Tas light rail proposal downsized


A proposed light rail system in Tasmania has been downsized following debate at the annual TasBus conference

June 4, 2013

A hot topic at the annual TasBus conference, a proposed light rail system in Tasmania has been downsized.

The first stage of the proposed northern suburbs light rail project was reduced this week to a two-stop, 9km link between Hobart and Glenorchy.

Light rail advocates had hoped for a nine-stop 21km link between Hobart and Bridgewater.

The announcement follows arguments presented at the weekend’s TasBus conference for a Bus Rapid Transit (BRT) System instead of the light rail project.

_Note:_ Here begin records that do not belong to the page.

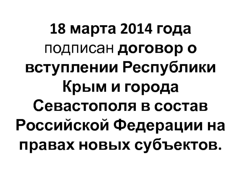 «Республика Крым и город Севастополь –  новые субъекты  Российской Федерации»  Федеральный Конституционный Закон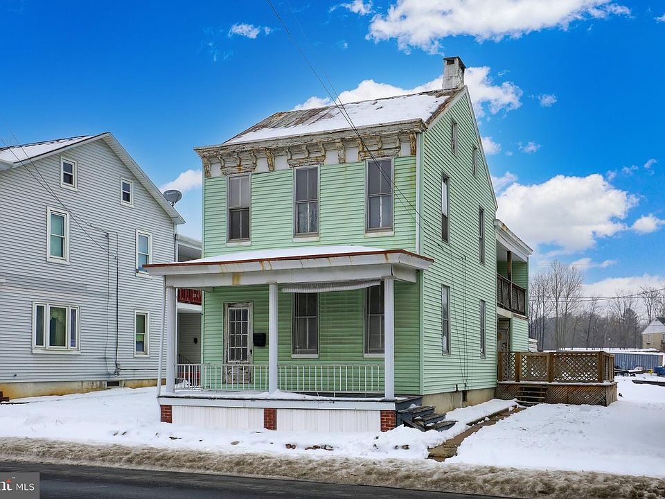Great opportunity to build sweat equity! This home is waiting for your finishing touches. Enjoy quiet evenings sitting on the covered front porch or side deck. Inside, the first floor boasts a large living room, formal dining room and spacious kitchen. There are 2 sets of steps leading to the second floor which offers 3 nice sized bedrooms and the full bathroom. The attic could be finished for an additional bedroom or used for storage. The huge backyard features a storage shed, and off street parking. Newer furnace.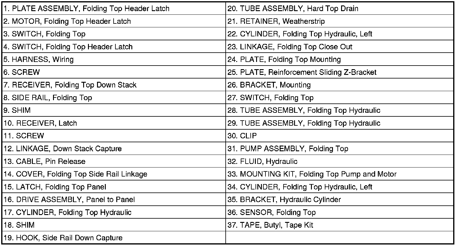 Retractable Hard Top (RHT) Panels and Weatherstrips

University of Sydney’s Institute of Transport and Logistics Studies (ITLS) Public Transport founding chair, Professor Corinne Mulley gave a BRT-focused presentation at the conference.

TasBus Managing Director Geoff Lewis says the presentation was a conference highlight.

"One of the things raised was frequency, frequency, frequency," Lewis says.

Lewis says Mulley argued it was possible for BRT passengers
to wait
no longer than 10 minutes for a bus, and that a BRT system
would be
cheaper
than light rail.

Lewis says Tasmanian Sustainable Transport Minister Nick McKim, who addressed delegates at the conference, has been one of the driving forces behind the rail.

"You see it is all being pushed by McKim in the Greens," Lewis says.

"They love their rail – it’s sexy isn’t it?"

The rail discussion at the conference attracted interest from the Mercury newspaper, ABC Television, Win Television and Southern Cross Television.

In total, the conference, held at Hobart’s Wrest Point Hotel from May 31 to June 1, attracted more than 100 delegates.

"The feedback was good, particularly on the program," Lewis says.